Graph
Each tfaip graph must inherit GenericGraphBase, or its subclass GraphBase which already encapsulates some optional methods for the graph construction.
GraphBase
An example Multi-Layer-Perceptron (MLP) graph for MNIST is shown in the following code example (excerpt of a Tutorial):
class TutorialGraph(GraphBase[TutorialModelParams]):
def __init__(self, params: TutorialModelParams, name='conv', **kwargs):
super(TutorialGraph, self).__init__(params, name=name, **kwargs)
# Create all layers
self.flatten = Flatten()
self.ff = Dense(128, name='f_ff', activation='relu')

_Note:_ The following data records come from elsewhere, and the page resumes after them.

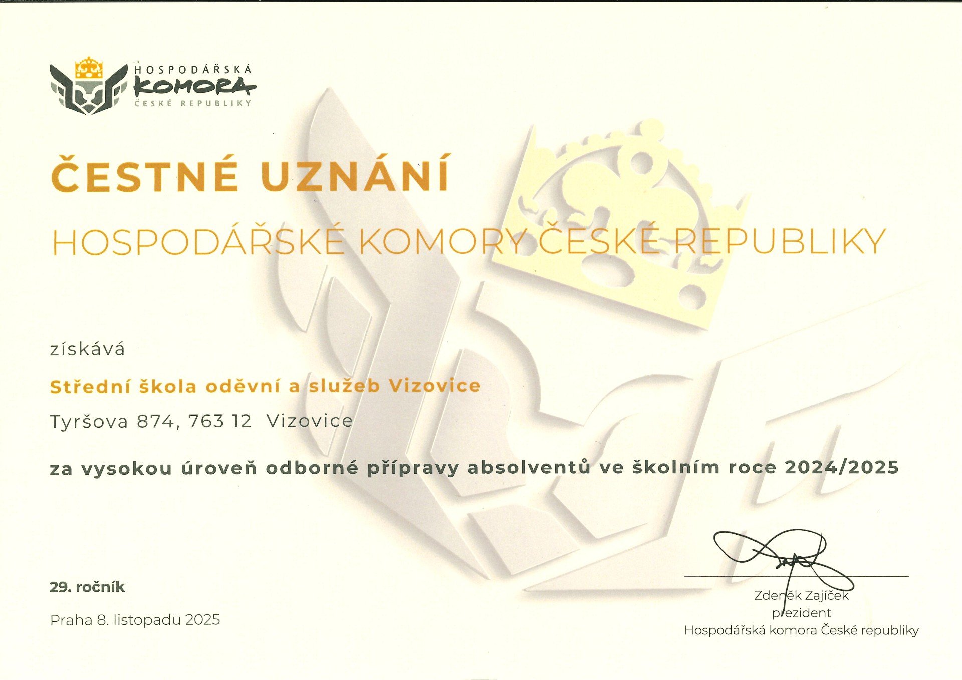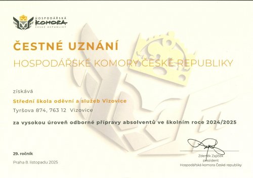 08.11.2025 Škola byla oceněna Hospodářskou komorou ČR
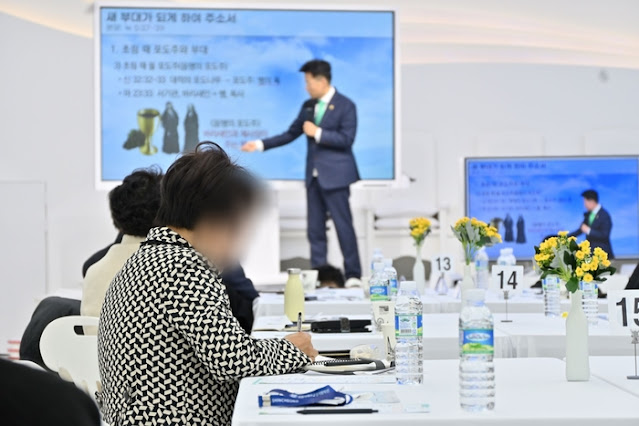 | On the 21st, at the Shincheonji Yeongdeungpo Church, a pastor is praying before the start of the '2024 Vision Conference for Pastors' held by the Shincheonji Bartholomew Tribe. |
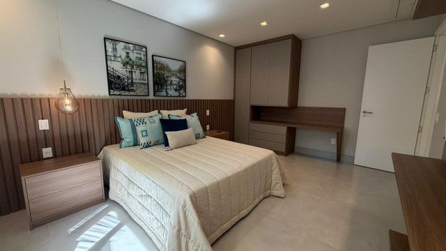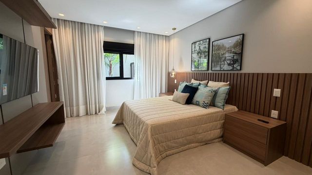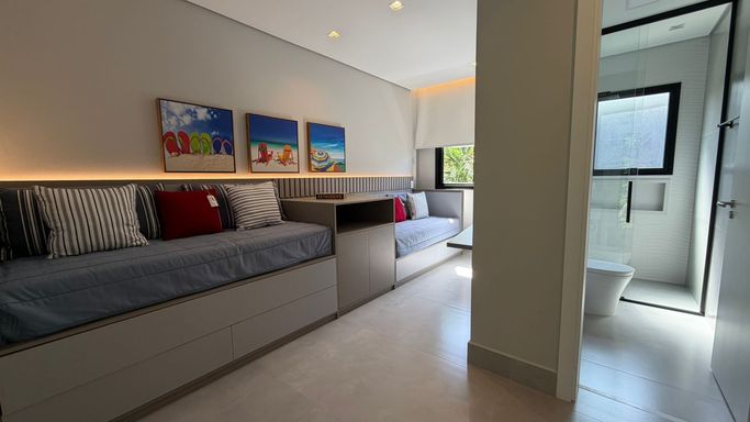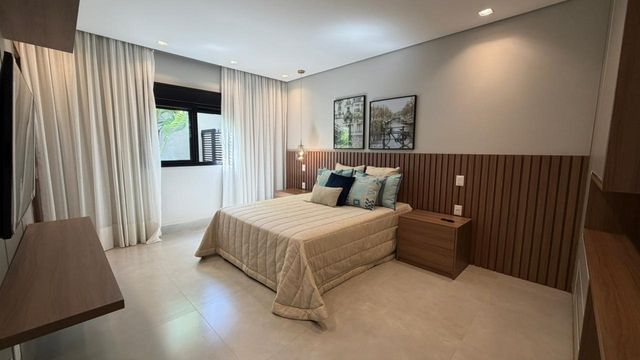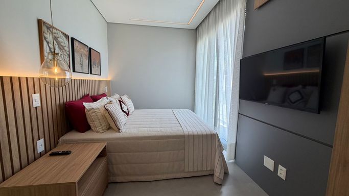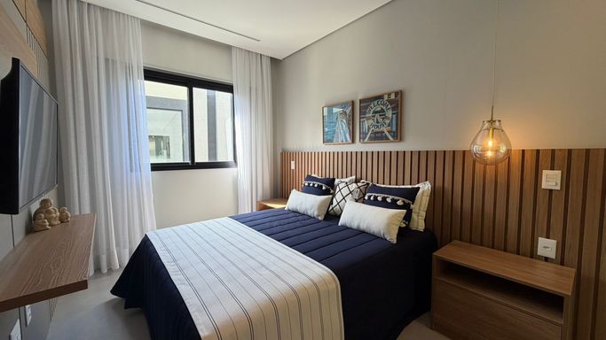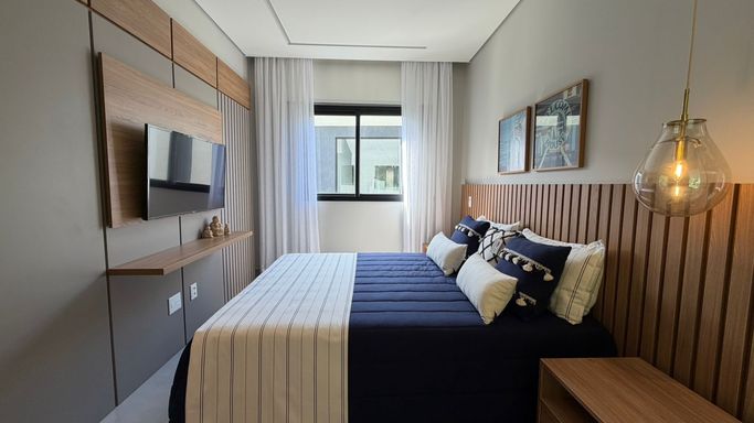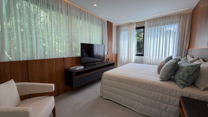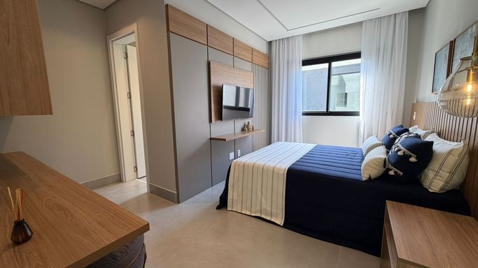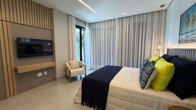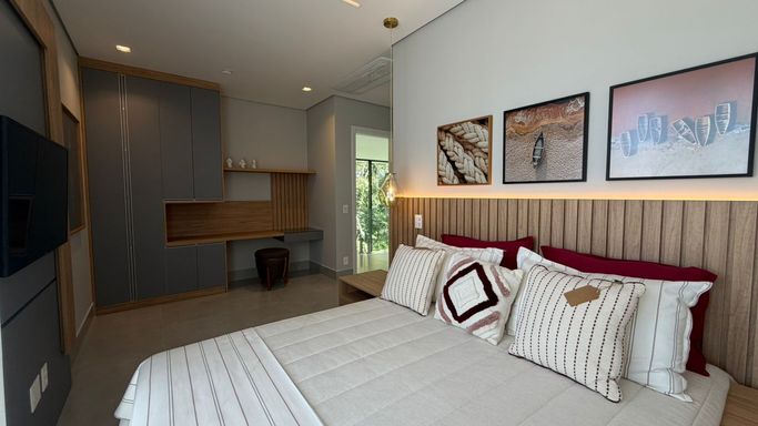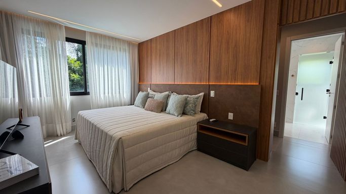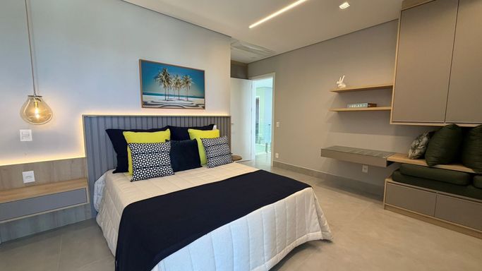 A suíte master se destaca como um refúgio privativo, com amplo espaço e acabamento sofisticado, ideal para momentos de descanso com total conforto.
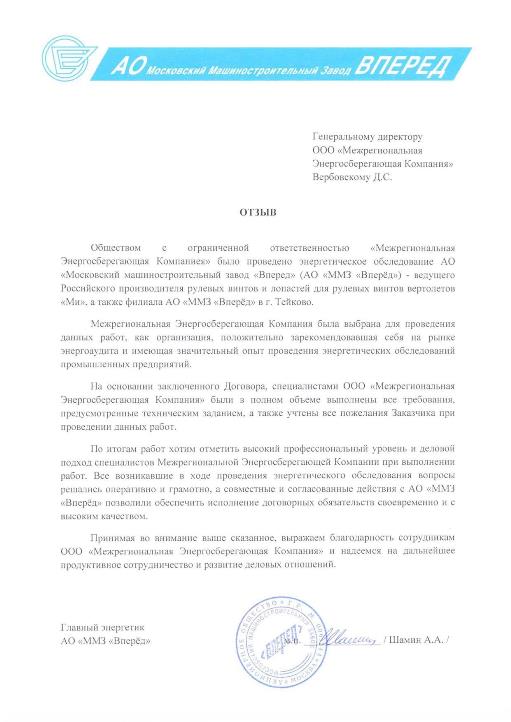 Услуга: энергетическое обследование Московского машиностроительного завода «Вперёд» и филиала ОАО ММЗ «Вперёд» в г. Тейково.
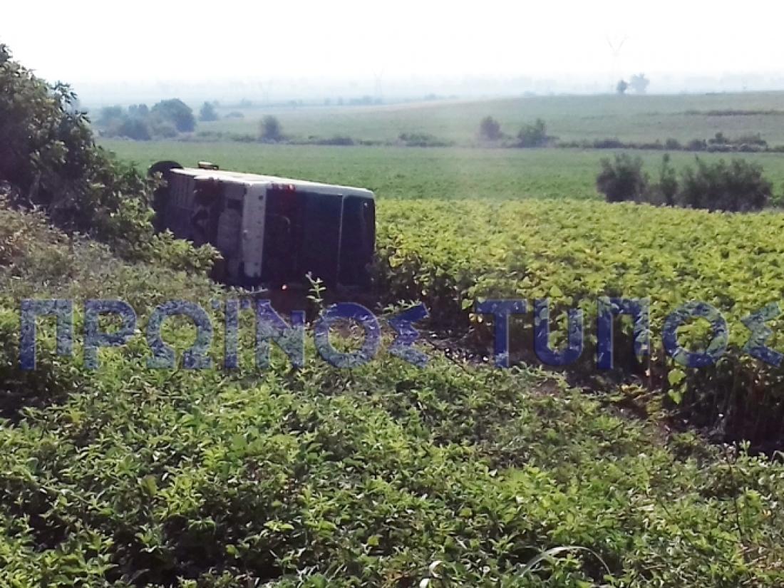 Άγιο είχαν και οι δεκατρείς επιβαίνοντες στο λεωφορείο του υπεραστικού ΚΤΕΛ Δράμας που εκτελούσε το δρομολόγιο Αθήνα - Δράμα, όταν, για άγνωστους μέχρι στιγμής λόγους, εξετράπη της πορείας του και έπεσε σε παρακείμενη καλλιεργήσιμη έκταση με ηλιοτρόπια.
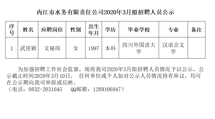 內江市水務(wù)有限責任公司2020年3月擬招聘人員公示
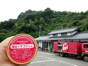 16時22分、閉店時間に余裕で「いおり」に到着、「チェルキオ・イタリアン・ジェラート/崎山いちごジャム(280円)」を購入して、めでたくゴール!!14駅全制覇!!となった。

self.logits = Dense(self._params.n_classes, activation=None, name='classify')
def build_graph(self, inputs, training=None):
# Connect all layers and return a dict of the outputs
rescaled_img = K.cast(inputs['img'], dtype='float32') / 255
logits = self.logits(self.ff(self.flatten(rescaled_img)))
pred = K.softmax(logits, axis=-1)
cls = K.argmax(pred, axis=-1)
out = {'pred': pred, 'logits': logits, 'class': cls}
return out
Layers are instantiated in the __init__ function and applied in the build_graph function which is the sole abstract method of GraphBase
GenericGraphBase
The GenericGraphBase class provides more flexibility when creating a graph, including different graphs for training (build_train_graph) and prediction (build_prediction_graph).
This is for example required to implement a sequence-to-sequence model with a decoder that depends on the model (teacher-forcing during training, decoding during prediction).
Furthermode, the method pre_proc_targets can be overwritten to apply some preprocessing on the dataset targets that are then fed into the metrics.